Comité de Défense de la Cause Arménienne

L'ancien président d'Azerbaïdjan Gueïdar Aliev est mort dans un hôpital américain
12/12/2003

L'ancien président d'Azerbaïdjan Gueïdar Aliev est décédé vendredi 12 décembre 2003 à l'âge de 80 ans dans un hôpital de Cleveland, a annoncé un porte-parole de la Cleveland Clinic.
Gueïdar Aliev est décédé à 10h du matin (15h00 GMT) dans l'hôpital où il avait été admis le 6 août dernier, selon Cole Hatcher, porte-parole de l'établissement. Il a dit ne pouvoir fournir de précisions sur les causes de son décès. Aliev avait été admis à l'hôpital le 6 août dernier pour le traitement de problèmes cardiaques et rénaux. Ces quatre dernières années, il avait effectué plusieurs séjours à Cleveland pour des problèmes de coeur et de prostate notamment.
Ancien membre du KGB en Azerbaïdjan et du politburo du temps de l'URSS, Gueïdar Aliev était resté au pouvoir pratiquement sans interruption en Azerbaïdjan depuis qu'il avait pris la tête du Parti communiste dans le pays en 1969. En août dernier, il avait préparé sa succession en nommant au poste de Premier ministre son fils Ilham qui a été déclaré vainqueur de l'élection présidentielle en octobre dernier.

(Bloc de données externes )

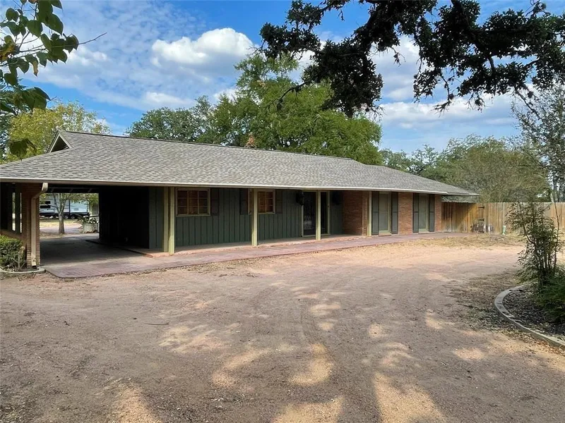 According to family & friends that this home was designed by a student of Frank Lloyd Wright. As you walk through the double front doors into the tiled foyer, enter the formal living room. The adjoining family room contains a wall of glass looking into the beautiful backyard, covered with mature live oaks. A focal point brick wall houses a fireplace & some built-in cabinets. The dining room features built-in upper cabinets to display china and lower cabinets fitted for linens & silver. The kitchen has granite countertops, a double wall oven, also a wet bar & a small refrigerator. As you walk down the long hallway, another bedroom & a bath adjoins the primary bedroom through a dressing room. The dressing room has ample closet space, shoe storage & a sit-in make-up vanity. The large primary bedroom includes built-in shelving & a walk-in closet. The ensuite has a whirlpool tub, double vanity & another closet. This property is estate styled with its beautiful live oaks & country feel.

L'ancien président azerbaïdjanais Heydar Aliev, 80 ans, qui vient de mourir aux Etats-Unis, avait dirigé sa république du Caucase sans partage depuis une trentaine d'années, avant de remettre le pouvoir à son fils Ilham, qui a remporté facilement l'élection présidentielle du 15 octobre dernier. M. Aliev, qui avait été victime d'une attaque cardiaque en 1987, a subi en mars dernier une opération pour une hernie aux Etats-Unis, après une opération de la prostate en février 2000 et un pontage coronarien en 1999. De lointaine origine kurde du Caucase, il est né le 10 mai 1923 au Nakhitchevan, une enclave azerbaïdjanaise coincée entre l'Arménie, l'Iran et la Turquie.
Il commence sa carrière dans les organes de sécurité en 1944 et arrive à la tête du KGB d'Azerbaïdjan en 1967, avant de devenir le numéro un de la république deux ans plus tard. C'est Iouri Andropov, ancien chef du KGB soviétique et alors maître de l'Union soviétique qui le fait monter à Moscou en poussant sa candidature au bureau politique du PCUS en 1982, qu'il quitte en 1986. Opposé à la politique d'ouverture que lance alors Mikhaïl Gorbatchev, il est limogé le 23 octobre 1987, "pour raison de santé", du poste de premier vice-Premier ministre du gouvernement soviétique. Il entame alors une traversée du désert, alors que l'Azerbaïdjan indépendant vit une période de transition marquée par les coups d'Etat et la guerre avec l'Arménie autour de l'enclave du Nagorny-Karabakh. En juin 1993, il s'empare de la présidence de l'Azerbaïdjan grâce à une mutinerie des troupes qui avaient marché sur Bakou et contraint le président Albulfaz Eltchibey à la démission et à la fuite. Il légitime ce retour dans l'élection présidentielle qui suit en octobre 1993. Il sera triomphalement réélu en 1998.
Mais sa santé décline fortement et il commence à préparer le terrain pour remettre le pouvoir à son fils Ilham. Avec l'arrivée à la présidence azerbaïdjanaise de cet ancien play-boy repenti, le pouvoir est pour la première fois, dans l'espace post-soviétique, transmis par "héritage" dans le cadre d'une procédure électorale.